Material provided:
★ ★ ★ ★

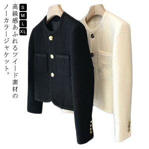 高級感あふれるツイード素材のノーカラージャケット。表面感のあるツイード素材にラメを加え、華やぎをプラスしたポリエステルツイード素材。しっかりとした厚みがありつつも軽さのある素材をセレクトし、快適な着心地に仕上げました
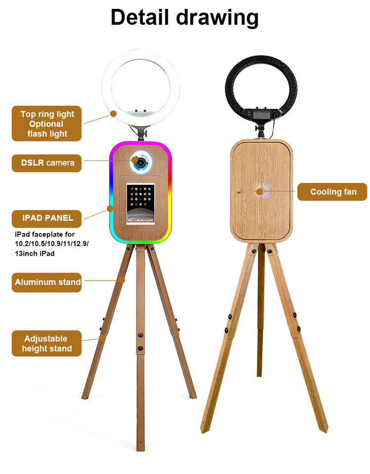 Soporte triangular con vetas de madera para iPad, DSLR, cabina de fotos retro
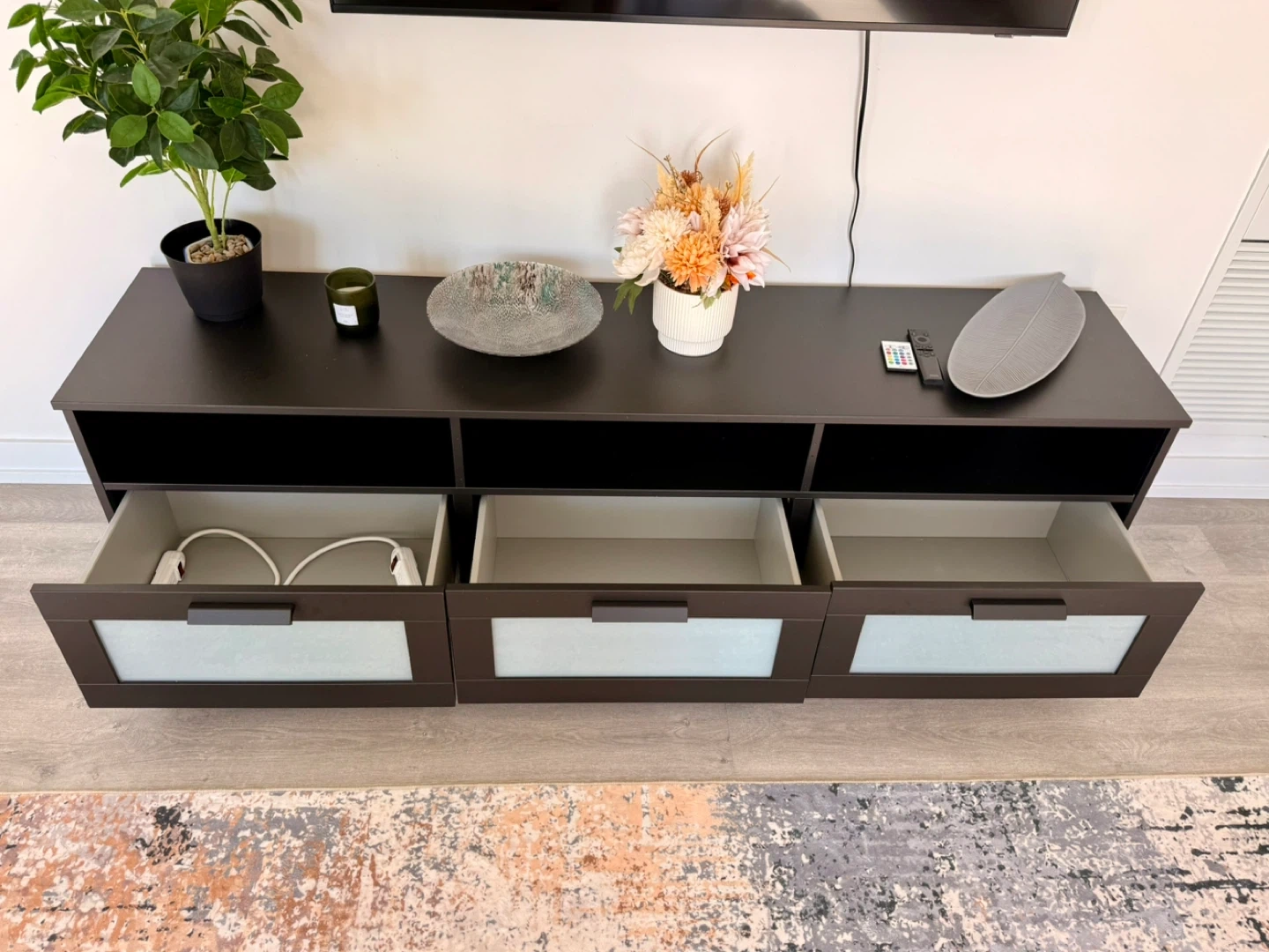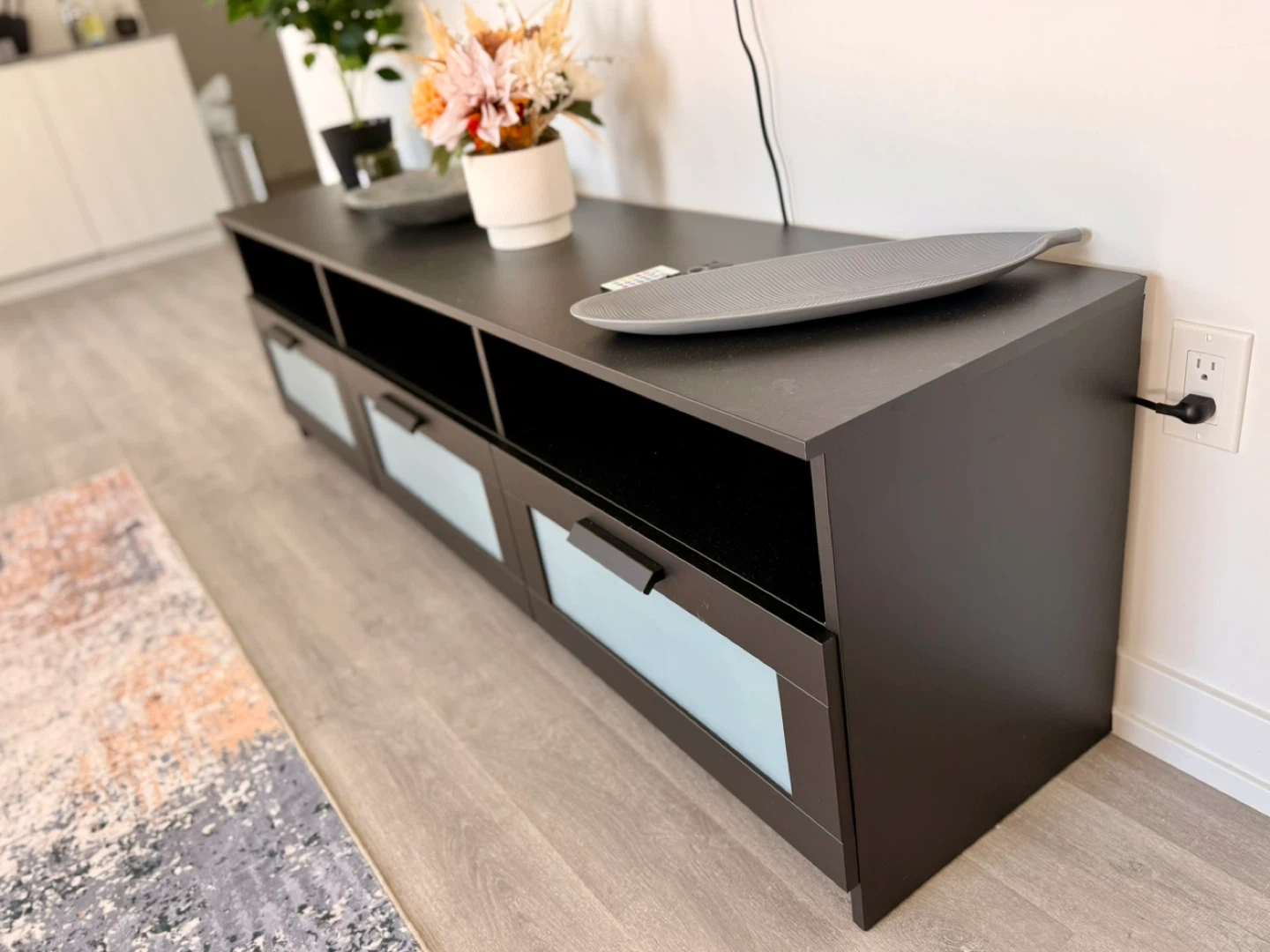 Selling a gently used IKEA BRIMNES TV stand in black. Dimensions are 70 7/8” x 16 1/8” x 20 7/8”. Comes with three spacious drawers and open compartments for media devices. Features cable management holes at the back for a clean setup. In excellent condition. https://applink.ikea.com/tY8M9r9M4w--40569486--ca--en Available November 1st only!

★ ★ ★ ★

Task details: Would you reproduce the lines above, from the very first through the line containing "Soporte triangular con", exactly and without the pictures?

Exercise solution:
 高級感あふれるツイード素材のノーカラージャケット。表面感のあるツイード素材にラメを加え、華やぎをプラスしたポリエステルツイード素材。しっかりとした厚みがありつつも軽さのある素材をセレクトし、快適な着心地に仕上げました
 Soporte triangular con vetas de madera para iPad, DSLR, cabina de fotos retro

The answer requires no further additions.